DAMASCUS: Syrian Kurdish leader Mazloum Abdi said Thursday that “all efforts” were being made to prevent the collapse of talks on an agreement with Damascus to integrate his forces into the central government.
The remarks came days after Aleppo saw deadly clashes between the two sides before their respective leaders ordered a ceasefire.
In March, Abdi signed a deal with Syrian President Ahmed Al-Sharaa to merge the Kurds’ semi-autonomous administration into the government by year’s end, but differences have held up its implementation.

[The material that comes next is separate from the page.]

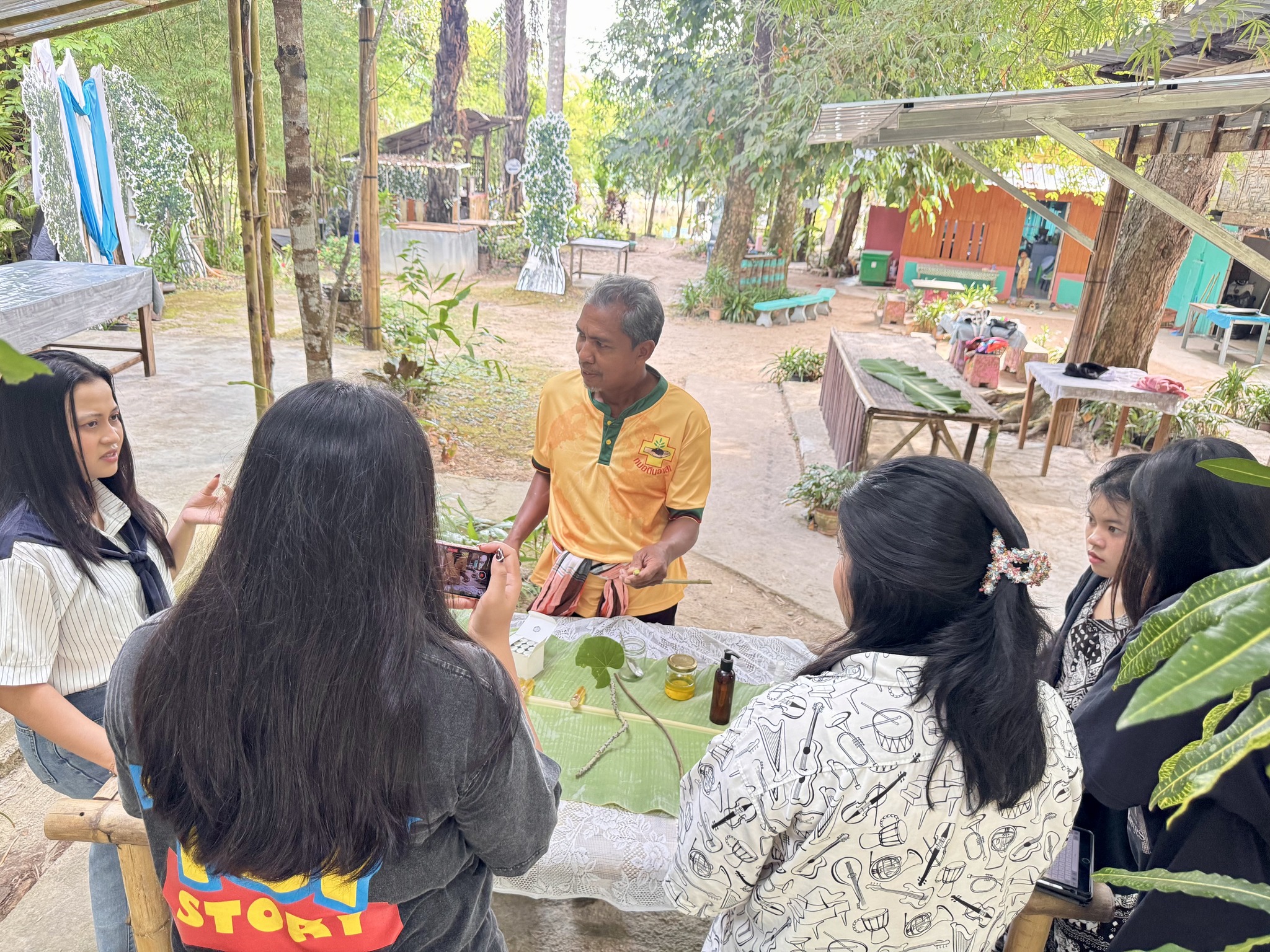 - ฐานที่ 1 สมุนไพรท้องถิ่น วิทยากรคือ คุณร่อเกม อดทน นักศึกษาได้เรียนรู้เกี่ยวกับชนิดของสมุนไพรในท้องถิ่น ลักษณะ กลิ่น สี รสชาติ และสรรพคุณ

Abdi said the Syrian Democratic Forces (SDF), the Kurds’ de facto army, remained committed to the deal, adding in a statement that the two sides were working toward “mutual understanding” on military integration and counter-terrorism, and pledging further meetings with Damascus.
Downplaying the year-end deadline, he said the deal “did not specify a time limit for its ending or for the return to military solutions.”
He added that “all efforts are being made to prevent the collapse of this process” and that he considered failure unlikely.
Abdi also repeated the SDF’s demand for decentralization, which has been rejected by Syria’s Islamist authorities, who took power after ousting longtime ruler Bashar Assad last year.
Turkiye, an important ally of Syria’s new leaders, sees the presence of Kurdish forces on its border as a security threat.
In Damascus this week, Turkish Foreign Minister Hakan Fidan stressed the importance of the Kurds’ integration, having warned the week before that patience with the SDF “is running out.”
The SDF control large swathes of the country’s oil-rich north and northeast, and with the support of a US-led international coalition, were integral to the territorial defeat of the Daesh group in Syria in 2019.
Syria last month joined the anti-IS coalition and has announced operations against the jihadist group in recent days.